Strands of semi-green grass could be counted while there were huge swathes of sand. Every time players ran through the sand, they were buried in plumes of dust.
This is no exaggeration; those who watched Zambia’s World Cup qualifier against Sudan last Wednesday would attest to that. And do not forget that we are in the 21st century when some countries are able to regulate temperatures in stadiums!
Players risked not only their careers, but their lives playing on such a pitch. Where are FIFA? Are they also in hospital like Blatter?
And the man standing in as FIFA boss is, if I can claim, our own brother from Cameroon – Monsieur Issa Hayatou. I do not want to believe that’s the standards he wants to impose on African football.
Somebody surely deserves a red card for allowing a FIFA match to be played on a pitch not even suitable for traditional wrestling practised in the Democratic Republic of Congo. Yes, I mean the Mulozhi wa Balozhi vs William Tiger Boy Nkandu type of wrestling where spectators and referees would be hypnotised!
Yes, Sudan may have challenges with infrastructure, but I know that there are two good stadiums in Khartoum, which should have been preferred. If, for some reason, the good stadiums in the capital could not be used, the match should have been moved to a country with a usable stadium.

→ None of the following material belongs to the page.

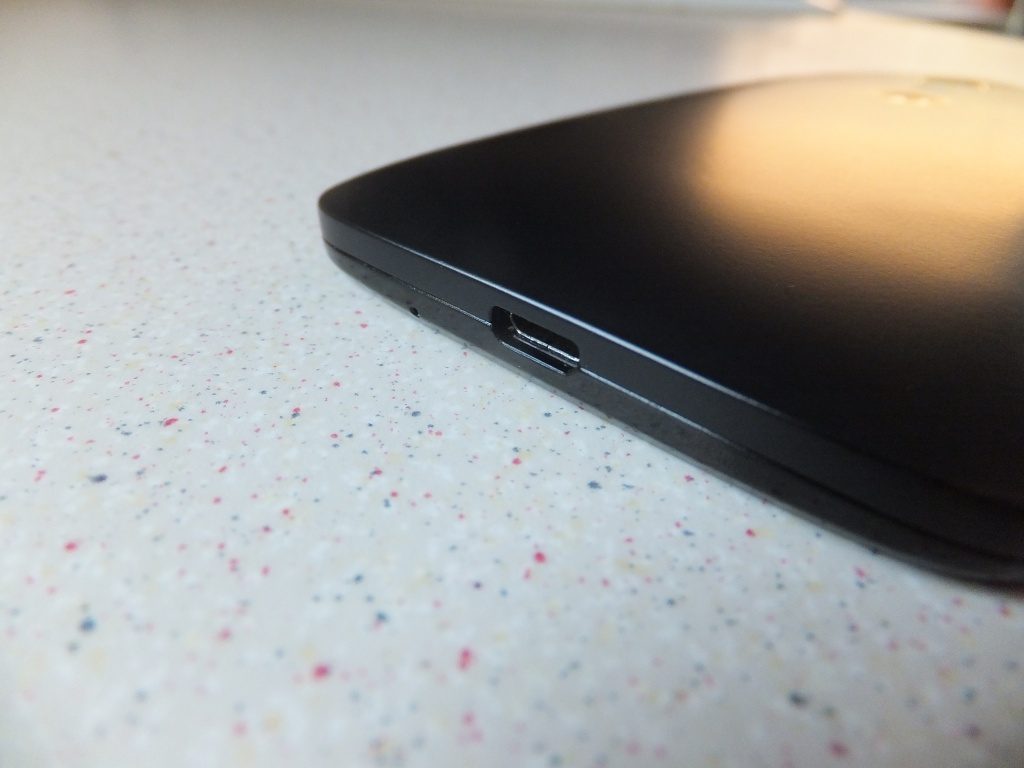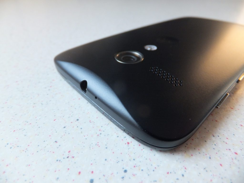 The sides of the Moto G are slightly curved along the length, the left hand side has no buttons or ports, the right hand side has the volume rocker and the power button. The bottom has the Micro USB port and a microphone hole and the top edge has the headphone socket and another (presumably noise cancelling) microphone hole.

I don’t want to imagine how good the washing rooms are. Anyway, maybe the Football Association of Zambia had a premonition and that’s why they carried three medical personnel.

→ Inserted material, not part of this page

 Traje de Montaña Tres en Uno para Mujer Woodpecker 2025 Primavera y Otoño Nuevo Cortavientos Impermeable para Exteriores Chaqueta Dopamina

It’s surprising Zambia edged the hosts 1-0 through a fortuitous strike by poacher Winston Kalengo. The Zesco United striker who, seemed to have hit his peak at Zanaco a few years back, is just about the saviour we have on the football pitch.
He is some late maturing variety type of player and I pray that someone upstairs grants him a few more years on the football pitch. He deserves our collective commendation, especially when he can score in some kind of beach football.
Someone suggested Sudan should be ferried to Kaole Stadium somewhere in Luapula for the return leg scheduled for today but I told him that poets teach us that ‘an eye for an eye makes the whole world blind’.
Let’s welcome our brothers to our state-of-the-art Levy Mwanawasa Stadium where we use escalators and elevators to go to some terraces. Yes, where we can have a braii during the match and where the gods mysteriously sprinkle water from the playing surface depending on the parchedness of the turf.
I hope the term state-of-the-art has not been misused or even abused, but what is clear is that Karema Stadium in Karima is no stadium at all.
And Zambia must win big to show that they play better football on a genuine pitch. The Chipolopolo have never dropped a point against Sudan and I hope the record remains intact.
Just in case someone out there thinks we are close to qualifying for the World Cup, the truth is that the battle has not even started. If or when Zambia sidestep Sudan’s challenge today, they will be pooled in a group of four or five to start proper qualifiers.
If they emerge top of the pile at the end of the group matches next year, they will be in Russia for the 2018 World Cup, which would be their first.